Static analysis, dynamic analysis, and stochastic analysis
For a long time programmers have had two types of program verification tools, static analysis (like a compiler's checks) and dynamic analysis (running a test suite). I find myself using LLMs to analyze newly written code more and more. Even when they spit out a lot of false positives, I still find them to be a massive help. My workflow is something like this:
- Commit my changes
- Ask Claude Opus "Find problems with my latest commit"
- Look though its list and skip over false positives.
- Fix the true positives.
git add -A && git commit --amend --no-edit- Clear Claude's context
- Back to step 2.
I repeat this loop until all of the issues Claude raises are dismissable. I know there are a lot of startups building a SaaS for things like this (CodeRabbit is one I've seen before, I didn't like it too much) but I feel just doing the above procedure is plenty good enough and catches a lot of issues that could take more time to uncover if raised by manual testing.
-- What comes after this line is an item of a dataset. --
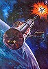 gelandetes Raketenraumschiff wird von Mondstation beschossen |
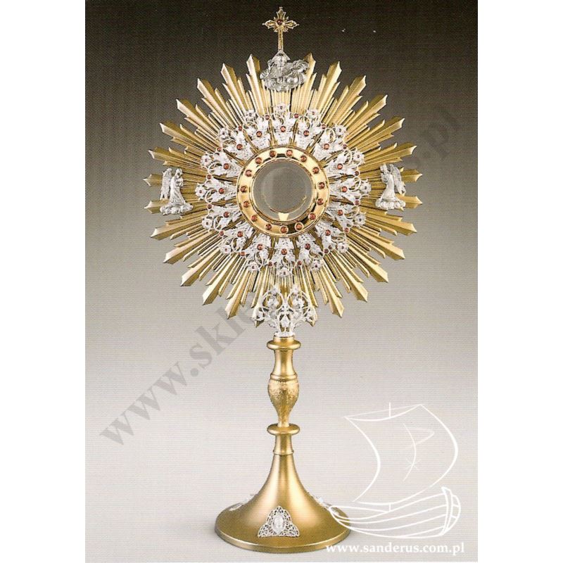 Monstrancja mosiężna, pozłacana o wysokości 77 cm i średnicy tarczy 40 cm.

It's also been productive to ask for any problems in an entire repo. It will of course never be able to perform a completely thorough review of even a modestly sized application, but highlighting any problem at all is still useful.
Someone recently mentioned to me that they use vision-capable LLMs to perform "aesthetic tests" in their CI. The model takes screenshots of each page before and after a code change and throws an error if it thinks something is wrong.
Haha... it really is useful. Tip: have the model write to a file with notes about skipped/dismissed items so it doesn't re-surface them on the next run.
I want it to be completely fresh on each run. I would rather re-read the same complaint 3 times than have different runs poison each others' context.
I have some common patterns for instructing Claude to output results to a file. I both agree with you that it gets a little hinky without the clear context step, and I would push back a tiny bit.
There are many useful ways of retaining the context you want while.effectively ensuring the LLM dismisses what you want, without draining all the context.
Your process of clearing context is useful and good for the loop you have.
My two cents would be to consider adding another loop/pattern.
Work with Claude, or start with your own effort, to describe and summarize your codebase into a ./repo/.claude/CLAUDE.md file. When you start up Claude in ./repo, Claude will automatically include that summary file in its context. You can then potentially save a few steps each time you clear the context and ask claude to loop for problems in your commit.
If you end up liking that new loop, ask claude to output a simple new skill, referenced as /verify-commit or similar. Let it basically output the skill and show you how to use it. Ask it what might be good semantic options to provide for the skill at the jump, versus prompting you within the run.
Both of these are similar base concepts we use hundreds of times a day across a tiny team of engineers. Really good stuff.